# Task to carry out:
Here the job is to retype the data word for word while leaving the pictures aside.

# Supplied information:
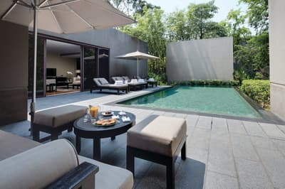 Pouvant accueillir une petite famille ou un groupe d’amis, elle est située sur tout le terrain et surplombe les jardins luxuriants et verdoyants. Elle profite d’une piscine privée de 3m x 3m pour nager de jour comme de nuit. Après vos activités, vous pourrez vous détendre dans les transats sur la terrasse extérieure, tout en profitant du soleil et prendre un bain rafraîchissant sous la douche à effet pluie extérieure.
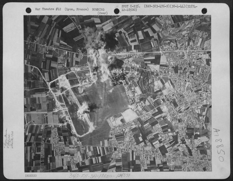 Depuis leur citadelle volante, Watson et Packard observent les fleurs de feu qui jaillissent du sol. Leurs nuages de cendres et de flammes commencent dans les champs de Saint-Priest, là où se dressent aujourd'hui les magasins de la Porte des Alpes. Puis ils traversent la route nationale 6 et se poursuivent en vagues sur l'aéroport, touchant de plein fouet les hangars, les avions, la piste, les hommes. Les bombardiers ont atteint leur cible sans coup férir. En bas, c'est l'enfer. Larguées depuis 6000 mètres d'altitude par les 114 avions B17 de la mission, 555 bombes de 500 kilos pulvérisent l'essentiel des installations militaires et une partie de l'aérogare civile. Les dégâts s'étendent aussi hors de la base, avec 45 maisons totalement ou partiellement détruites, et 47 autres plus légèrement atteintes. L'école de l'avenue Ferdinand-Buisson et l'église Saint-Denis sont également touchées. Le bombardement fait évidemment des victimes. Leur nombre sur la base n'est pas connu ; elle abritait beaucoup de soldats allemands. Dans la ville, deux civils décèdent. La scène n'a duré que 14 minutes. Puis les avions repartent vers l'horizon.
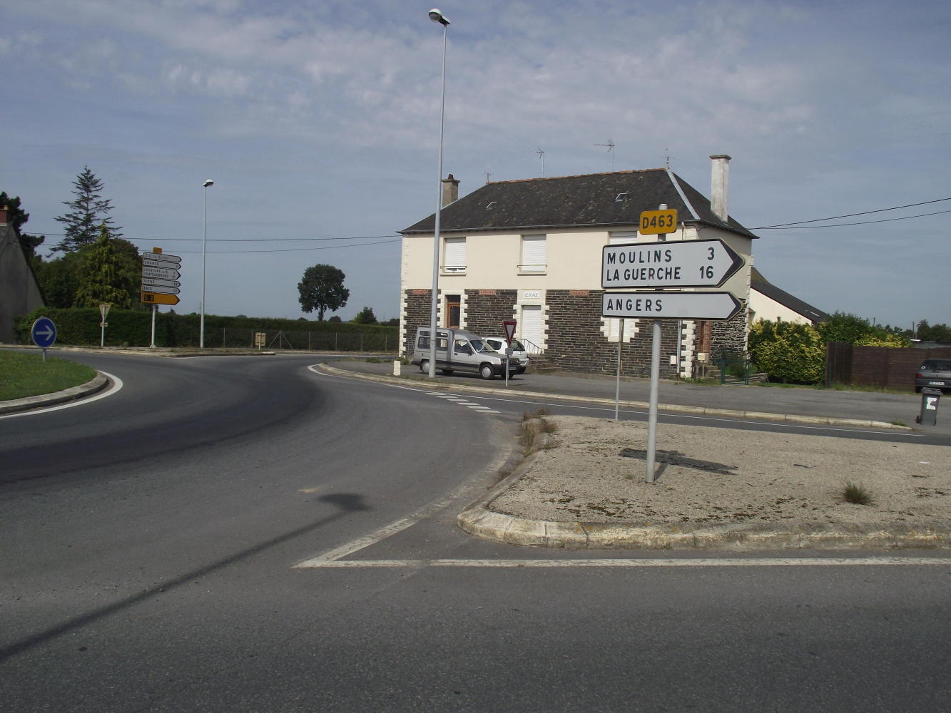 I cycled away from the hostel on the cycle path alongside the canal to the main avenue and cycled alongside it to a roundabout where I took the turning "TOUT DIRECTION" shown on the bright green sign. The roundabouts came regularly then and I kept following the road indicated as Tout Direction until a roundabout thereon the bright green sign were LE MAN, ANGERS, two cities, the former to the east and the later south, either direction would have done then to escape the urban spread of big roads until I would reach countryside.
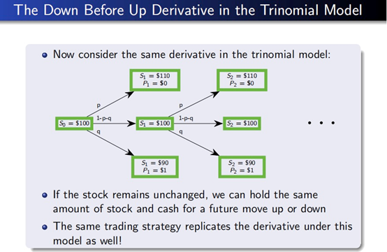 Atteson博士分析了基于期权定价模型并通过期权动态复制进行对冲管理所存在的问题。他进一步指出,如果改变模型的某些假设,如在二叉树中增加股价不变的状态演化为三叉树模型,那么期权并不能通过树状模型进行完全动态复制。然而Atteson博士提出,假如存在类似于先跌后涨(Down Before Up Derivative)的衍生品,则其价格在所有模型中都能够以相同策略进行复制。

# Final answer:
 Pouvant accueillir une petite famille ou un groupe d’amis, elle est située sur tout le terrain et surplombe les jardins luxuriants et verdoyants. Elle profite d’une piscine privée de 3m x 3m pour nager de jour comme de nuit. Après vos activités, vous pourrez vous détendre dans les transats sur la terrasse extérieure, tout en profitant du soleil et prendre un bain rafraîchissant sous la douche à effet pluie extérieure.
 Depuis leur citadelle volante, Watson et Packard observent les fleurs de feu qui jaillissent du sol. Leurs nuages de cendres et de flammes commencent dans les champs de Saint-Priest, là où se dressent aujourd'hui les magasins de la Porte des Alpes. Puis ils traversent la route nationale 6 et se poursuivent en vagues sur l'aéroport, touchant de plein fouet les hangars, les avions, la piste, les hommes. Les bombardiers ont atteint leur cible sans coup férir. En bas, c'est l'enfer. Larguées depuis 6000 mètres d'altitude par les 114 avions B17 de la mission, 555 bombes de 500 kilos pulvérisent l'essentiel des installations militaires et une partie de l'aérogare civile. Les dégâts s'étendent aussi hors de la base, avec 45 maisons totalement ou partiellement détruites, et 47 autres plus légèrement atteintes. L'école de l'avenue Ferdinand-Buisson et l'église Saint-Denis sont également touchées. Le bombardement fait évidemment des victimes. Leur nombre sur la base n'est pas connu ; elle abritait beaucoup de soldats allemands. Dans la ville, deux civils décèdent. La scène n'a duré que 14 minutes. Puis les avions repartent vers l'horizon.
 I cycled away from the hostel on the cycle path alongside the canal to the main avenue and cycled alongside it to a roundabout where I took the turning "TOUT DIRECTION" shown on the bright green sign. The roundabouts came regularly then and I kept following the road indicated as Tout Direction until a roundabout thereon the bright green sign were LE MAN, ANGERS, two cities, the former to the east and the later south, either direction would have done then to escape the urban spread of big roads until I would reach countryside.
 Atteson博士分析了基于期权定价模型并通过期权动态复制进行对冲管理所存在的问题。他进一步指出,如果改变模型的某些假设,如在二叉树中增加股价不变的状态演化为三叉树模型,那么期权并不能通过树状模型进行完全动态复制。然而Atteson博士提出,假如存在类似于先跌后涨(Down Before Up Derivative)的衍生品,则其价格在所有模型中都能够以相同策略进行复制。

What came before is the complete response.